▸ WHAT IS EXPECTED:
Each line below from the line with "Description: This plant" to the line with "Los Angeles, CA" must be copied exactly, including those two, and no picture may appear in the copy.

————

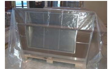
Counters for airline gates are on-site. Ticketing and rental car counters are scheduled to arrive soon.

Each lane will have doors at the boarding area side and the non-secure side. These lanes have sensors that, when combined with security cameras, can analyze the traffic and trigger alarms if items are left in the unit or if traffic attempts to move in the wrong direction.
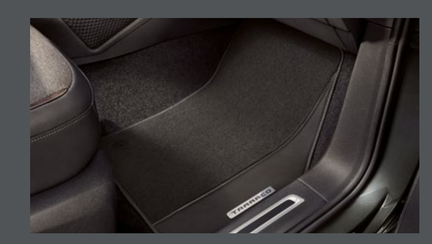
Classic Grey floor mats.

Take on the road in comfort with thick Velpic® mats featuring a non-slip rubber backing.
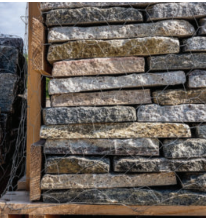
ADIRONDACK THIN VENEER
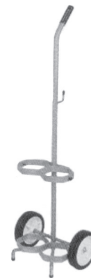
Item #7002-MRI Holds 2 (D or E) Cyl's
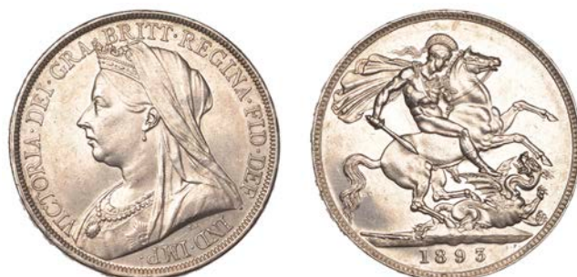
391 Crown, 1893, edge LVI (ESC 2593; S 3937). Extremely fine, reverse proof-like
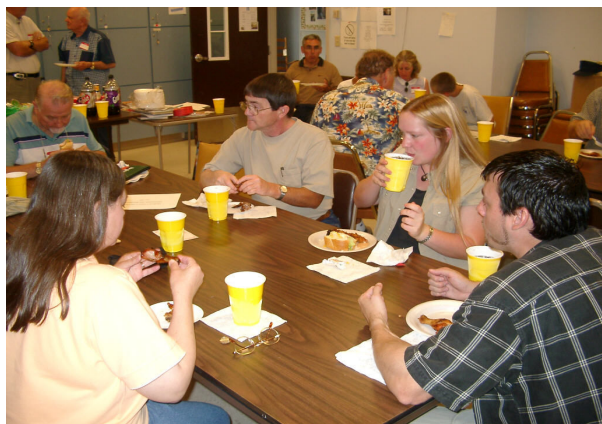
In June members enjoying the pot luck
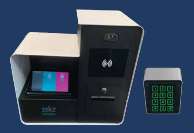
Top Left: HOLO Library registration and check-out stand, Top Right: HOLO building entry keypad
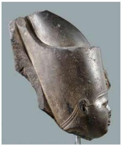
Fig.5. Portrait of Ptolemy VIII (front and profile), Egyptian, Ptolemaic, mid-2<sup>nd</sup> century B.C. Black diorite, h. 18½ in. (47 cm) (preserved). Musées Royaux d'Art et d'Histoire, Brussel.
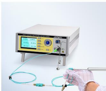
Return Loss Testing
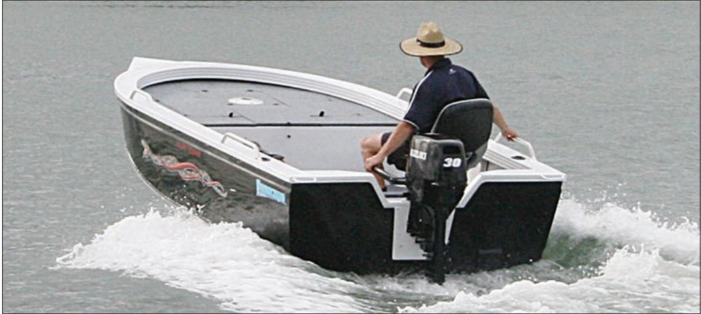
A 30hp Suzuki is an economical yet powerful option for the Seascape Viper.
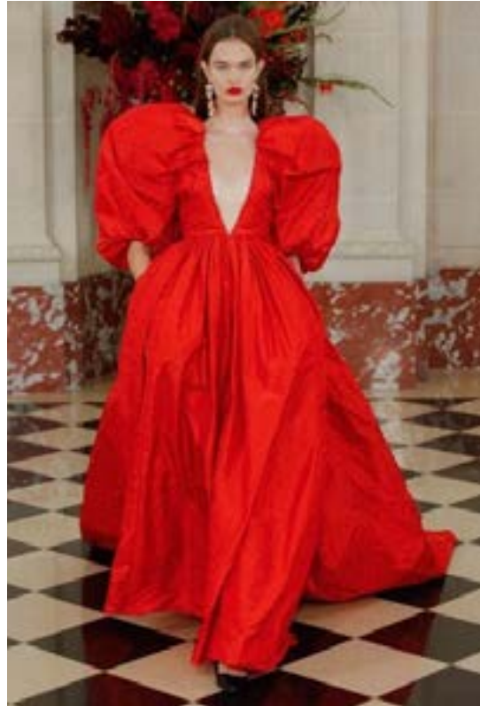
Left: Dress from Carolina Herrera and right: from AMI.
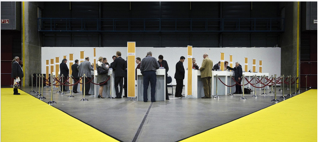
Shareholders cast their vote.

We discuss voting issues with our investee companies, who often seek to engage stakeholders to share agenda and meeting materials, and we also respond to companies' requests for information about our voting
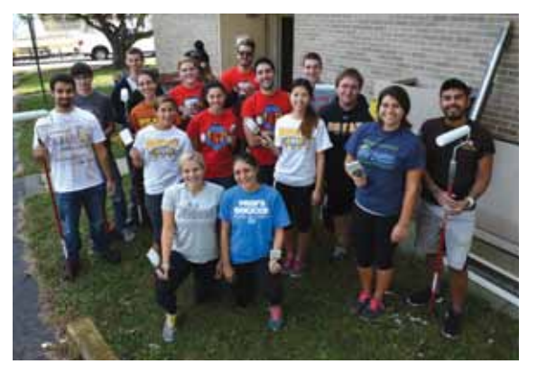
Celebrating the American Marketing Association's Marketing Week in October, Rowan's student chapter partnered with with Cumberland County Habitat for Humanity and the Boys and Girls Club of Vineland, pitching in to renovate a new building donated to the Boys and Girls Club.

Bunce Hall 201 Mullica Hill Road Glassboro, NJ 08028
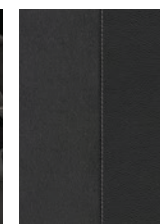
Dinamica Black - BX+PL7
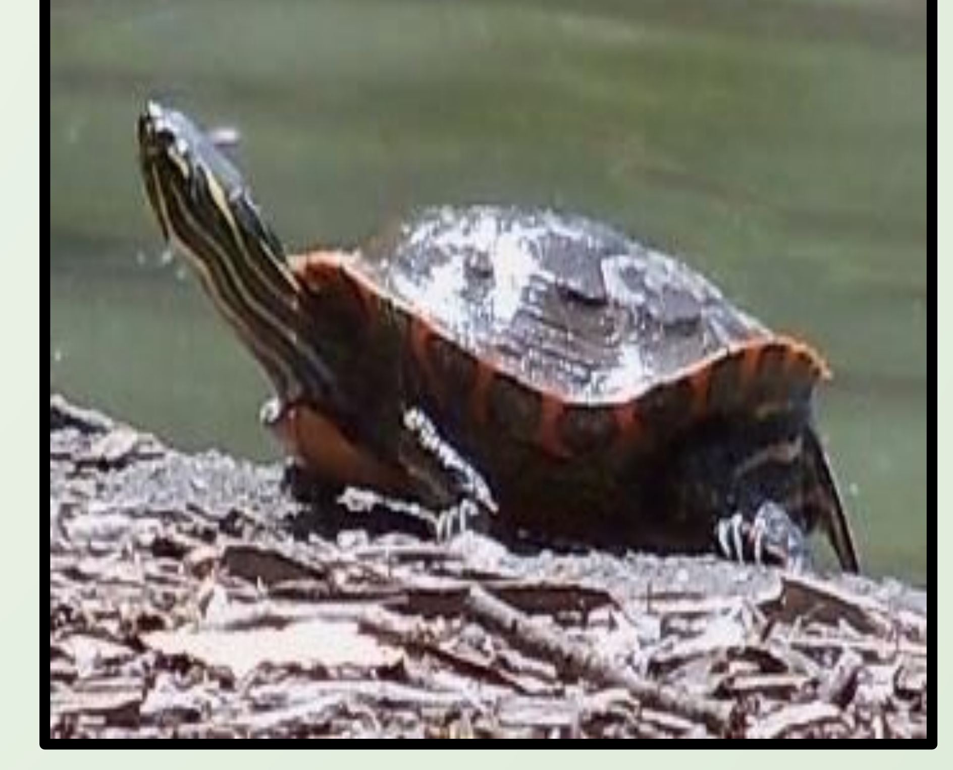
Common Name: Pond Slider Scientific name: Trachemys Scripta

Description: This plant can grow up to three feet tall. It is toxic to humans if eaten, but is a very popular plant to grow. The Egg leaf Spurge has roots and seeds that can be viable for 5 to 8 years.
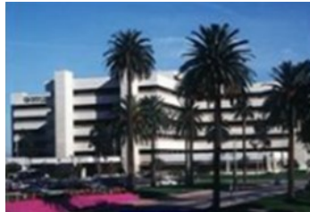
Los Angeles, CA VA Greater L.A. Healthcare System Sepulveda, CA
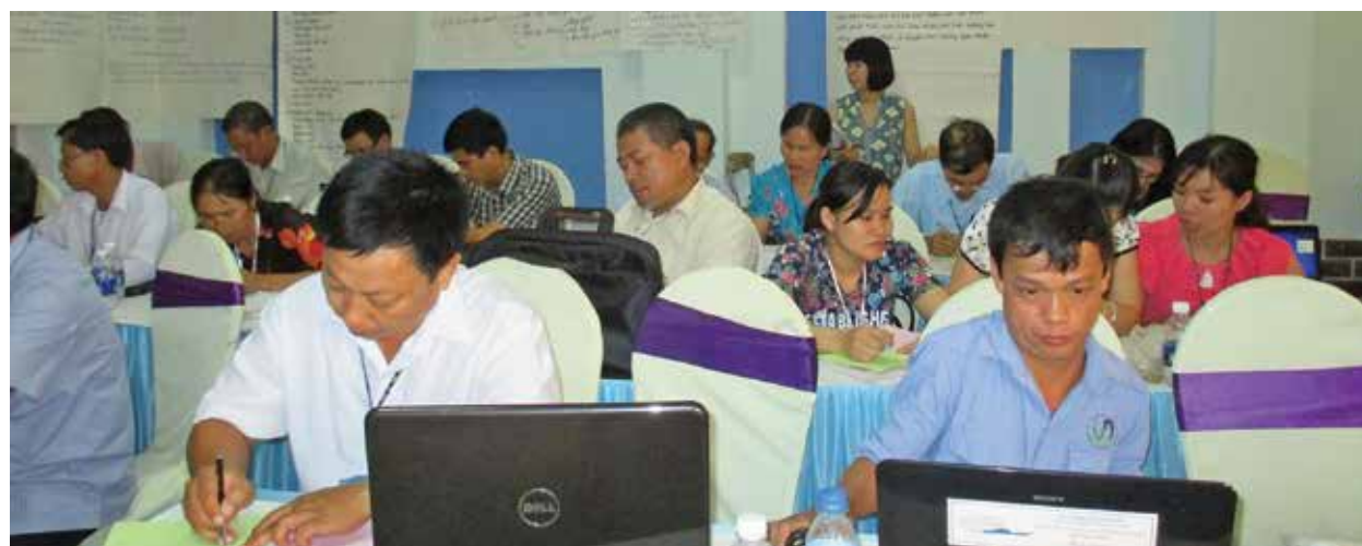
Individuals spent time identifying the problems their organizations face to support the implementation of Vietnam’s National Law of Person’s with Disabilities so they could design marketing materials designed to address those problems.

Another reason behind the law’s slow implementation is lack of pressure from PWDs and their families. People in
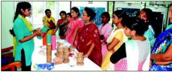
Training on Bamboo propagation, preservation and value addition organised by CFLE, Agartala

————

▸ COMPLETED TASK:
Description: This plant can grow up to three feet tall. It is toxic to humans if eaten, but is a very popular plant to grow. The Egg leaf Spurge has roots and seeds that can be viable for 5 to 8 years.
Los Angeles, CA VA Greater L.A. Healthcare System Sepulveda, CA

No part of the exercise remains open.